Unfortunately, there is no good solution for this. Deterministic cleanup seems to be a glaring omission in PowerShell. It could be as simple as introducing a new cleanup
block that is always called regardless of how the pipeline ends, but alas, even version 5 seems to offer nothing new here (it introduces classes, but without cleanup mechanics).
That said, there are some not-so-good solutions. Simplest, if you enumerate over the $input
variable rather than use begin
/process
/end
you can use try
/finally
:
function Out-UnixFile([string] $Path, [switch] $Append) {
<#
.SYNOPSIS
Sends output to a file encoded with UTF-8 without BOM with Unix line endings.
#>
$encoding = new-object System.Text.UTF8Encoding($false)
$sw = $null
try {
$sw = new-object System.IO.StreamWriter($Path, $Append, $encoding)
$sw.NewLine = "`n"
foreach ($line in $input) {
$sw.WriteLine($line)
}
} finally {
if ($sw) { $sw.Close() }
}
}
This has the big drawback that your function will hold up the entire pipeline until everything is available (basically the whole function is treated as a big end
block), which is obviously a deal breaker if your function is intended to process lots of input.

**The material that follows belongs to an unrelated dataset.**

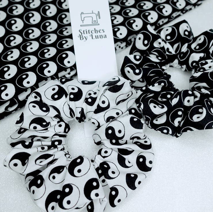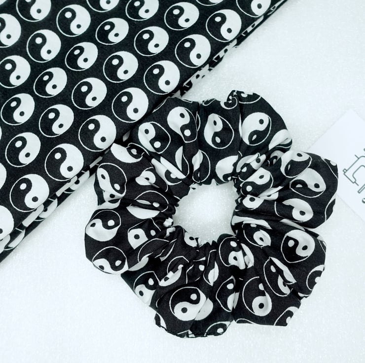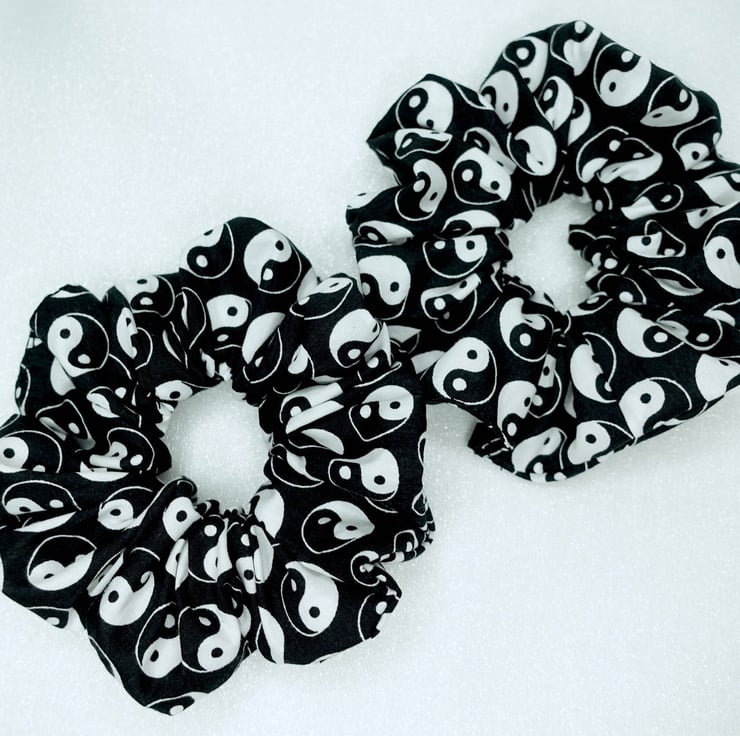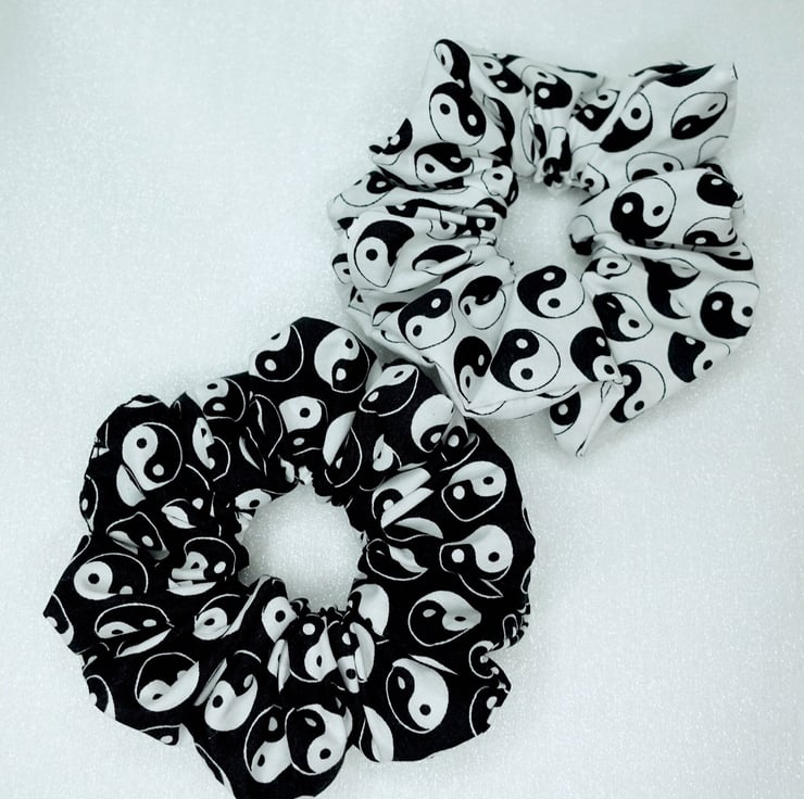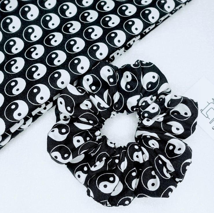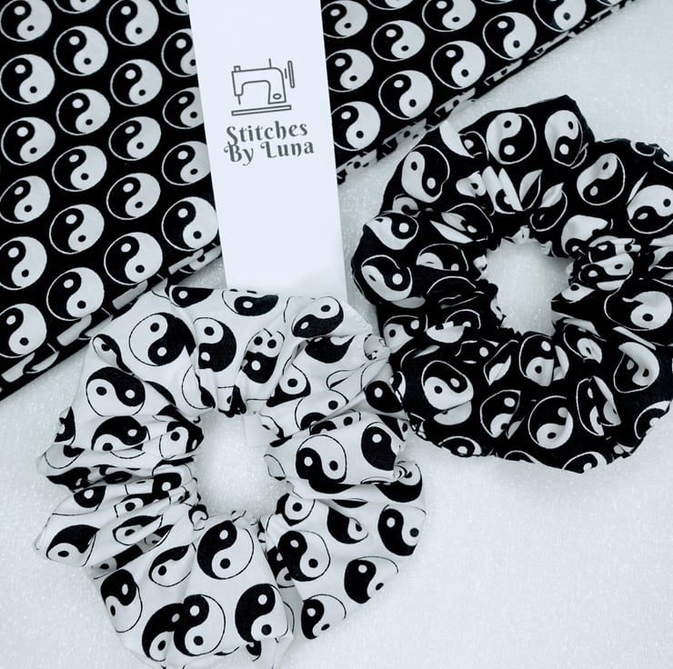 Hair Scrunchies, Yin Yang Scrunchies, Yin & Yang Scrunchies, Handmade Scrunchies, , Black Scrunchies, Cotton Scrunchies UK, Hair Ties UK

The second approach is to stick with begin
/process
/end
and manually process Control-C as input, since this is really the problematic bit. But by no means the only problematic bit, because you also want to handle exceptions in this case -- end
is basically useless for purposes of cleanup, since it is only invoked if the entire pipeline is successfully processed. This requires an unholy mix of trap
, try
/finally
and flags:
function Out-UnixFile([string] $Path, [switch] $Append) {
<#
.SYNOPSIS
Sends output to a file encoded with UTF-8 without BOM with Unix line endings.
#>
begin {
$old_treatcontrolcasinput = [console]::TreatControlCAsInput
[console]::TreatControlCAsInput = $true
$encoding = new-object System.Text.UTF8Encoding($false)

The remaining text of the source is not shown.